В свете этой — очевидно, новой для него — трактовки случившегося как смеет этот мальчишка допускать даже мысль, что дух Хана Соло может быть доволен его мучениями? Как только способен верить, что его отец пожелает возмездия, когда тот отдал свою жизнь, чтобы дать сыну шанс — отдал сознательно и без раздумий? То, что происходило сейчас, было, по большому счету, грубейшим надругательством над жертвой Хана, которое никак не могло бы его обрадовать.

Перед оглашением приговора заключенному было предложено обратиться к суду. Бен согласился, хотя, как было видно из представленной голозаписи, без особого удовольствия. На долю секунды генерал Органа подумала, что вот теперь, быть может, ее сын хотя бы отчасти сдаст позиции. Похоже, на это рассчитывал и Диггон, соблазняя пленника такой простой возможностью попросить пощады. Его предложение содержало намек: «Скажите — и вас услышат».

Однако юноша и тут оказался не так-то прост. Из одной насмешки над заведомо пустой попыткой майора искушать его, Бен выдал столько витиеватой грубости, столько смелых заявлений о превосходстве Первого Ордена и надменных славословий своему Верховному лидеру, что даже сама Органа поразилась, как после всего этого окружающие до сих пор не раскрыли их родство. Воистину, ее сын поступил так, как поступила бы она сама, случись ей оказаться в руках Первого Ордена. (Впрочем, уж Первый-то Орден не стал бы терзать ее, по крайней мере, безобразным действом показательного судилища. Как ни обидно Лее было признавать это, в одном Галлиус Рэкс и вправду имел явное преимущество над всеми сенаторами — он привык добиваться авторитета реальными действиями.)

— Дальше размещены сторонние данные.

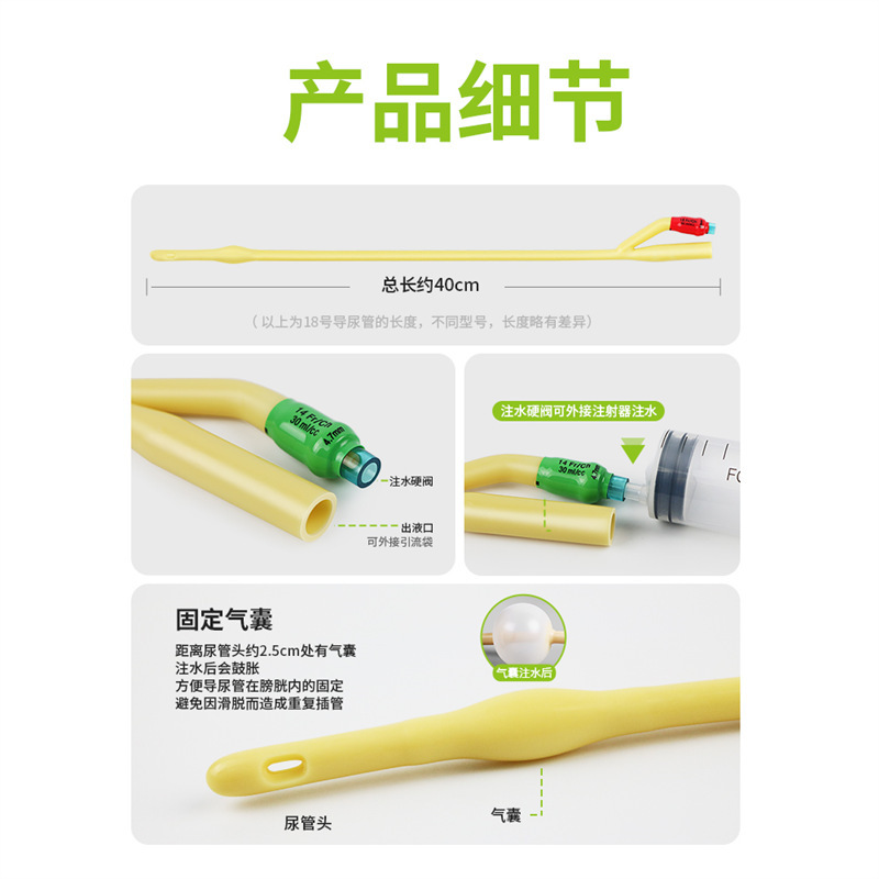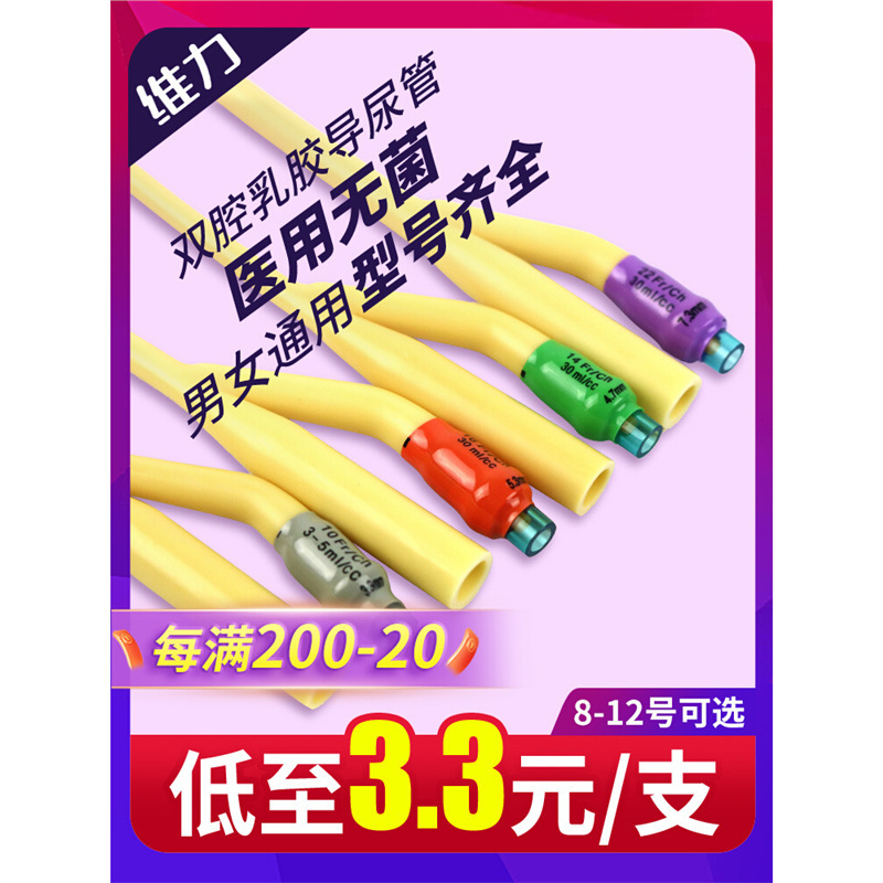 남성용 Weili 이중 루멘 카테터 일회용 살균 의료 성인 라텍스 여성 카테터 가방 배수 튜브 소변 가방스토어 가기
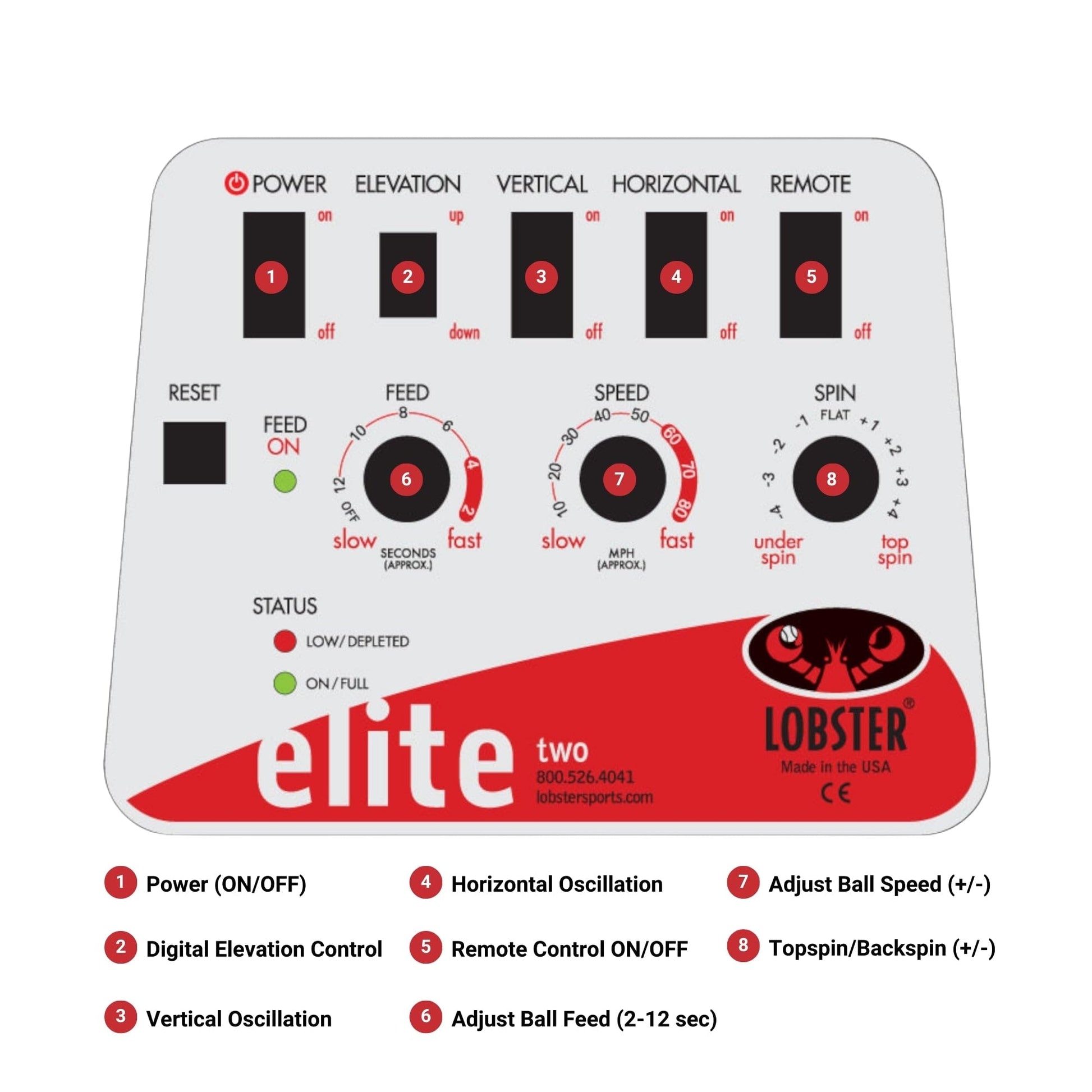- EXTENDED LONG BATTERY LIFE: The battery-operated Elite Two tennis machine has a rechargeable battery that offers 4 to 6 hours of gameplay and includes a Lobster Sports standard battery charger.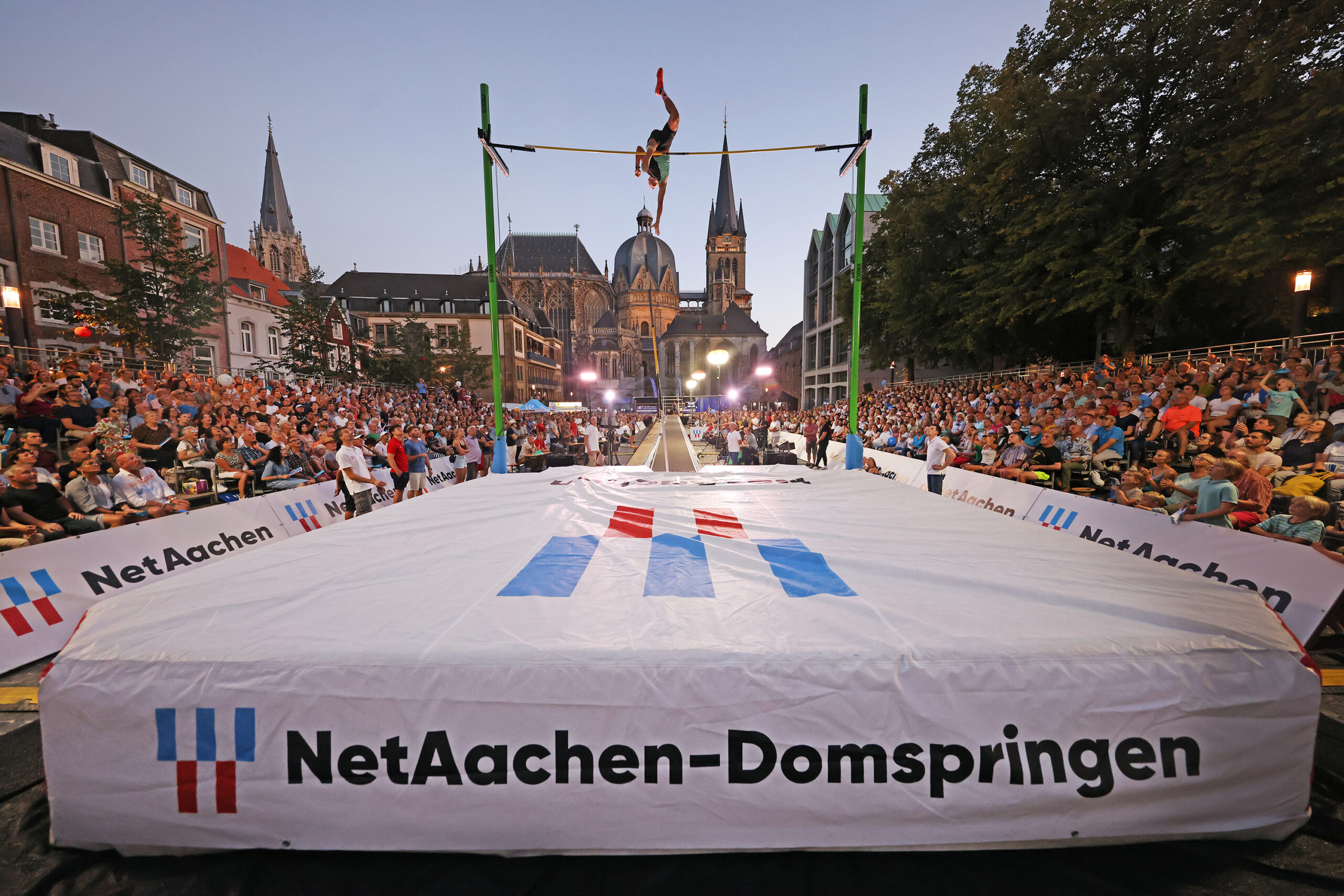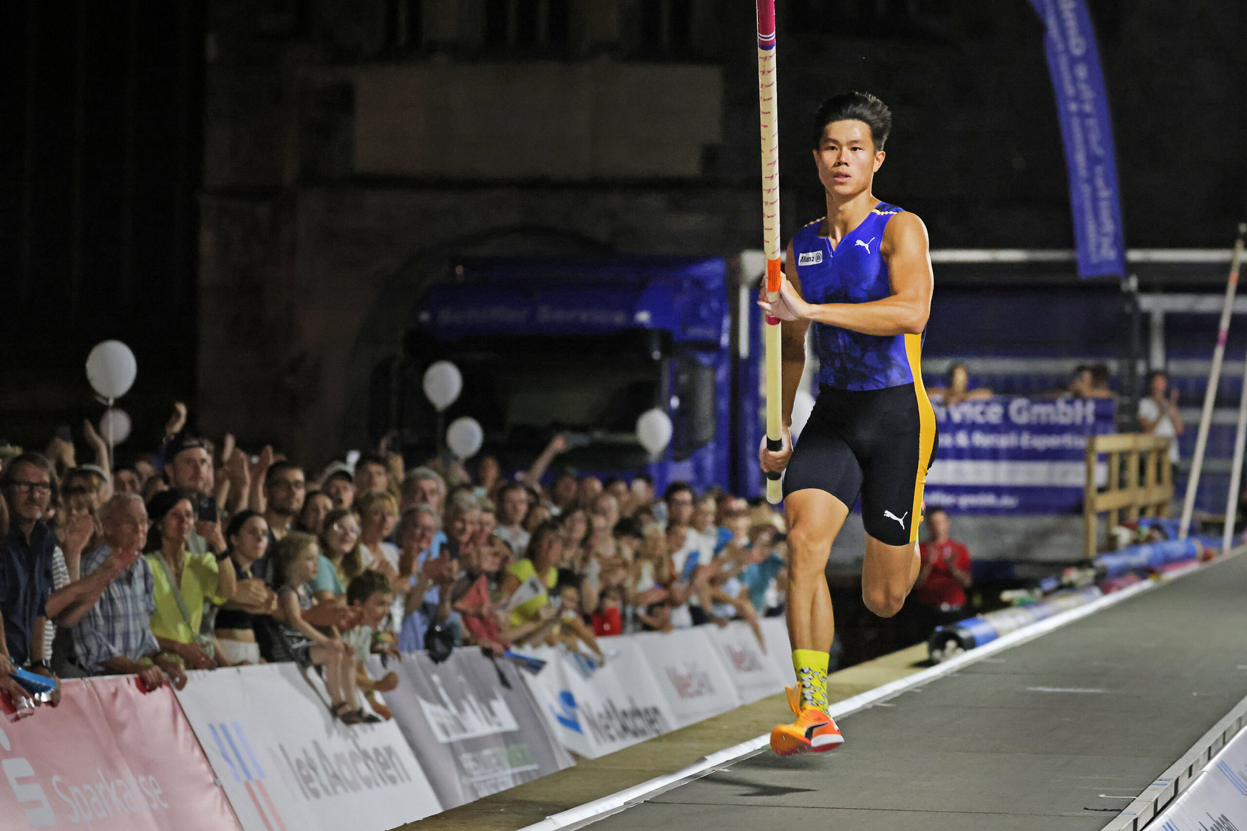 Nur einer sprang bislang in Aachen höher! Der Vize-Weltmeister Ernest Obiena siegte mit 5,92 m beim 18. NetAachen-Domspringen und unterstrich seine exzellente Form. Nur Björn Otto war 2012 ein höherer Satz auf dem Katschhof gelungen. Sein Meetingrekord von 6,01 Meter (gleichzeitig deutscher Rekord) behält also weiter Bestand – auch wenn er noch nie so ins Wackeln kam wie heute. Gleich fünf Versuche über 6,02 Meter bekamen das Publikum und Björn Otto, der heute vor Ort war, geboten. Neben dem späteren Sieger versuchte sich auch der US-Amerikaner Sam Kendricks noch an dieser Höhe, die letztlich unbezwingbar blieb. „Ich wollte die 6,02 Meter unbedingt hier bei dieser großartigen Atmosphäre springen, aber heute hat es leider nicht gereicht. Ich möchte auf jeden Fall im nächsten Jahr wiederkommen und es erneut versuchen“, sagte Obiena zu seiner Leistung. Für Kendricks standen am Ende 5,87 Meter zu Buche, die ihm den zweiten Platz brachten. Auf dem dritten Platz landete der Franzose Thibaut Collet, der ebenfalls in Top-Form, mit einem fünften Platz von der WM, nach Aachen kam. Er übersprang 5,82 Meter.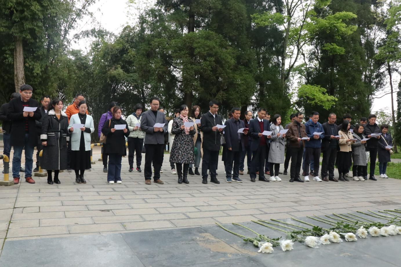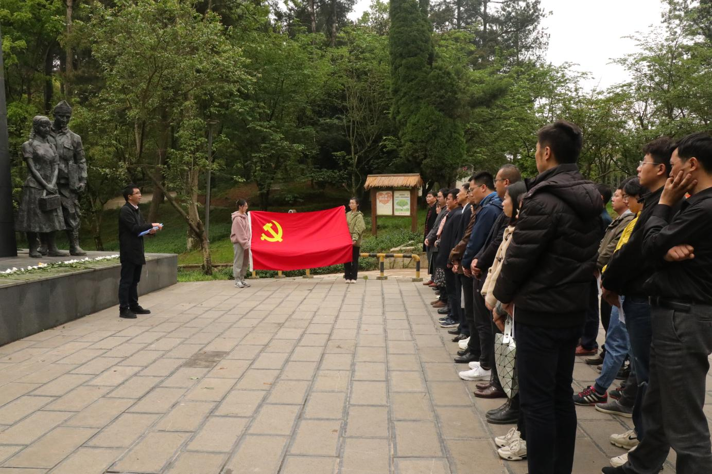 4月13日中午,生物与环境工程公司党委组织开展“清明祭英烈·学党史祭英烈担使命”主题党日活动,激发党员干部职工做表率走前列,全公司党员教师、员工党员代表到中国红十字会救护总队图云关旧址开展党史学习教育。公司党委委员、副董事长李灿以普通党员身份参加活动,之后以分管领导身份在纪念牌前为全体党员主讲一堂鲜活的党课。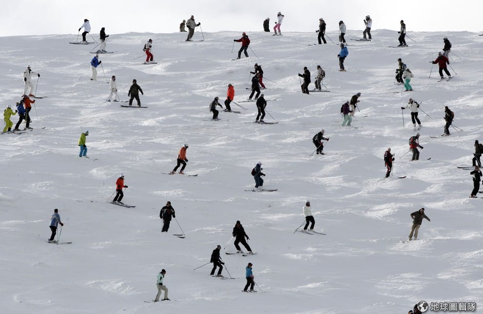 畫面中人們正在享受滑雪的樂趣。為了避免發生意外,現在大部分的滑雪場都會區隔出安全區域。
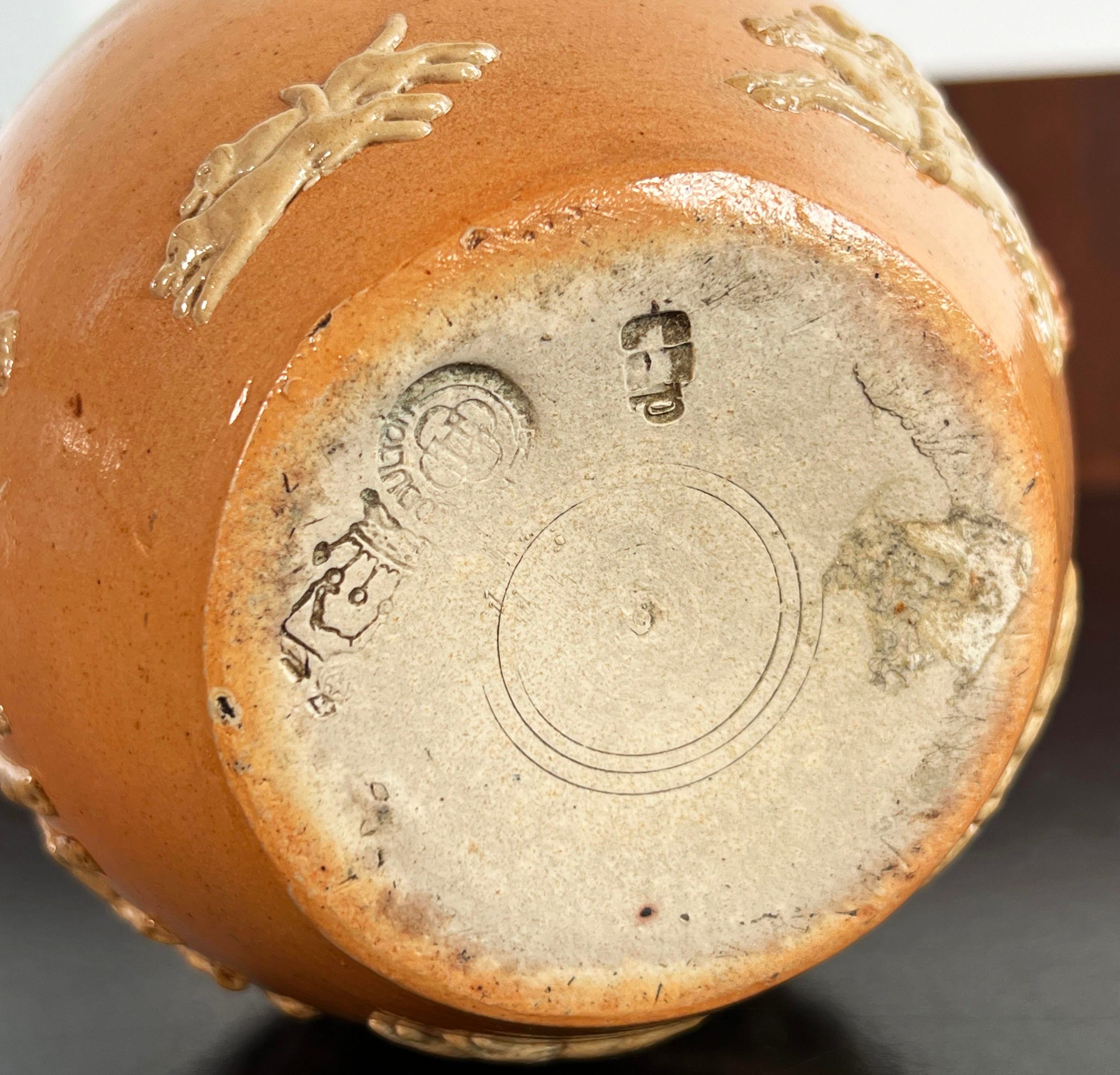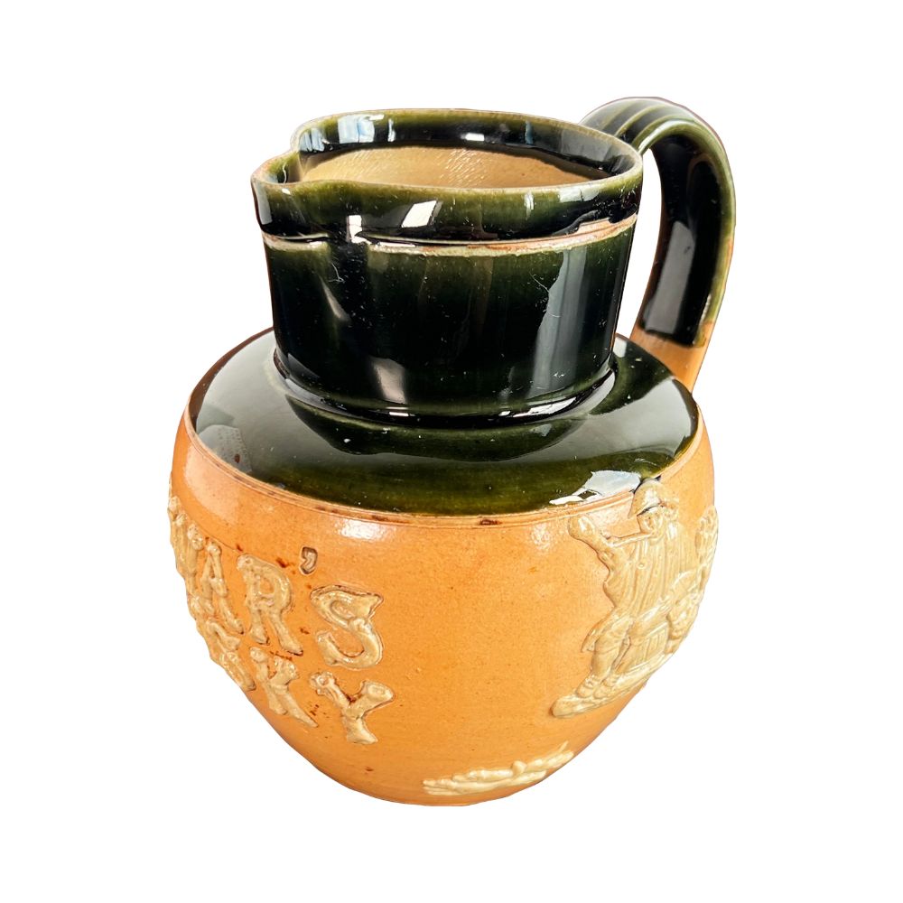 Fabulous antique Dewar’s Whiskey advertising pitcher by Royal Doulton, c.1900-1910! Lovely salt glaze on the stoneware, with embossed figures all around the outside of the jug. It measures 5″ tall and 4 3/4″ wide, and is in very good vintage condition as shown in the photographs, with age appropriate wear throughout but no chips or cracks!
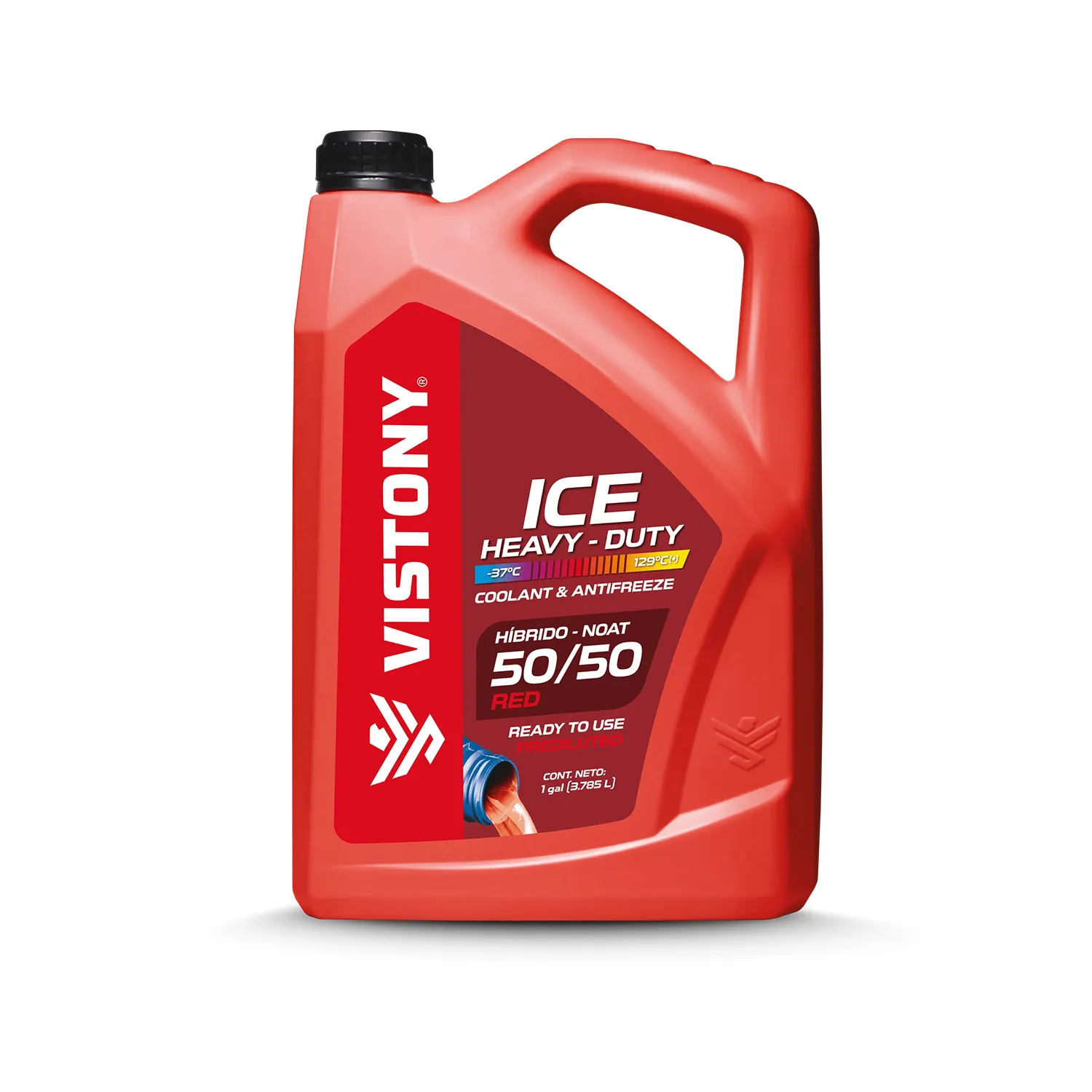ICE FREEZE HEAVY DUTY HYBRID (NOAT) 50-50 EXTENDED LIFE es un refrigerante anticongelante premezclado al 50% para motores diésel de servicio pesado. Utiliza tecnología NOAT (Organic Acid Technology with Nitrite) con aditivos antioxidantes para inhibir la corrosión de metales y prevenir la erosión por cavitación. Su formulación orgánica de larga duración no requiere aditivos suplementarios (SCA).

После всего, услышанного судом, Диггон картинно понурил голову, подчеркивая своим видом, что принял все возможные меры, чтобы образумить этого юнца. Но тот пренебрег проявленным к нему сочувствием.

Во время итоговых прений майор представил еще одну запись допроса, которая развеяла все сомнения — не с точки зрения закона, что касается закона, тут все давно было ясно, — а с позиции сугубо человеческой. Любой суд — это не только обмен фактами, но и обмен мнениями, и даже не в малой степени обмен эмоциями. И такие естественные проявления природы разума, как жалость, были тут, если подумать, весьма уместны.

Однако признание пленника, которое продемонстрировал Диггон, было представлено вниманию общественности с единственной очевидной целью — оборвать в судьях возможное сострадание к пленному юноше и явить подлинное лицо Кайло Рена во всем его извращенном уродстве.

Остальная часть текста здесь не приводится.